Citi on Monday refused to comment on asset sales by its seven SIVs – all of which have been put on watch for downgrades by the rating agencies – but people familiar with the vehicles say their size has been cut from $83bn at the end of September to about $66bn largely by selling pro-rata portions of a SIV’s portfolio of assets to investors in the most junior notes at market values. Citi is also talking to some investors about directly swapping their holdings for underlying assets.


i'd like to know what citi considers as "market values".

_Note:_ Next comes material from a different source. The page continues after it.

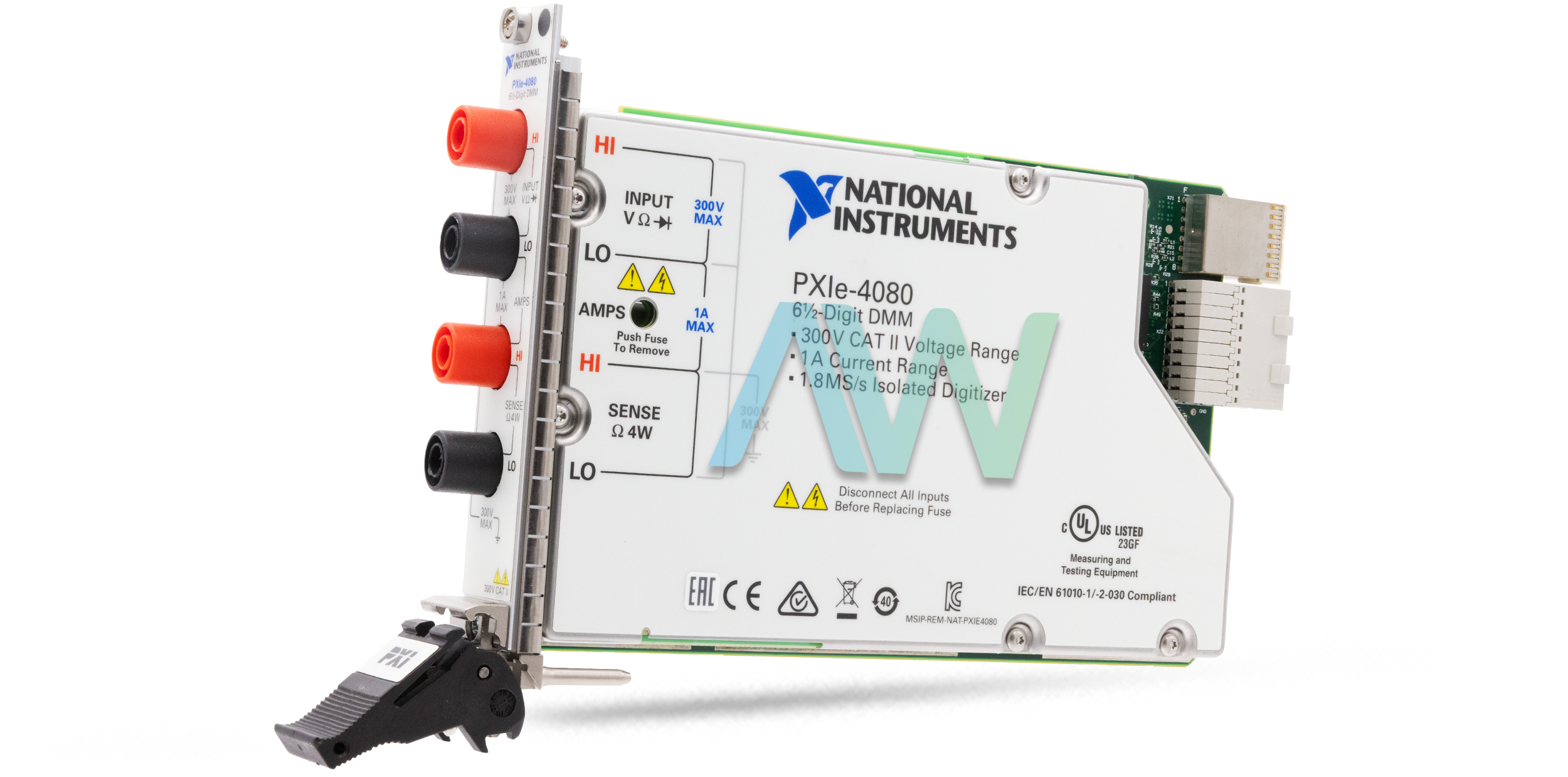 The NI PXIe‑4080 has an input impedance of 1 MΩ ± 2% in parallel with 150 pF, maximum DC voltage component of 250 V, and common mode rejection ratio (CMRR) >70 dB (DC to 60 Hz). This Digital Multimeter has a frequency range from 15 Hz to 500 KHz and period measurement range from 2 µs to 66.67 ms. The device has a current mode fuse rating T 1 A 400 V, time-lag user-replaceable Minimum interrupt rating: 500 A Littelfuse 0477001.MXP. The power consumption of the device is less than 9 W from the PXI Express backplane. It consumes a maximum of 0.55 A from both a +12 V load and a + 3.3 V load.
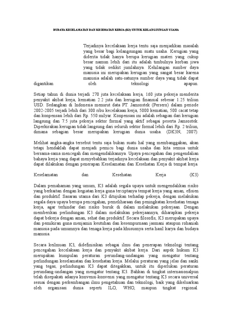 Makalah Kesehatan Dan Keselamatan Kerja . Perlunya Menjalankan Program K3 Kesehatan Keselamatan Kerja (K3) Adalah Sebuah Kondisi Di Mana Para Karyawan Terlindungi Dari Cedera Yang Disebabkan Oleh Berbagai Kecelakaan Yang Berhubungan Dengan Pekerjaan Tidak Seorang.

junior investors are in line to be wiped out, so one can see their incentive in liberating whatever they can from frozen SIVs and taking the losses themselves while forestalling forced liquidation. it's hardly a good thing -- but, as citi is surely pointing out to all investors in the SIVs it administrates, citi is under no obligation nor really in a position to take the losses, nor even to fund the SIV by taking it on-balance-sheet and preserving it from no-holds-barred liquidation. this is strictly a case of investors taking the most immediate of a lot of awful resolutions.

meanwhile, plans for in-kind redemptions of SIV-similar assets are becoming all too common in enhanced-cash stable value funds, though actual money market funds have so far seen cash bolstering by their bank affiliates thusfar. no one investing in these things could have imagined that they'd be looking at losses, in some cases very significant losses.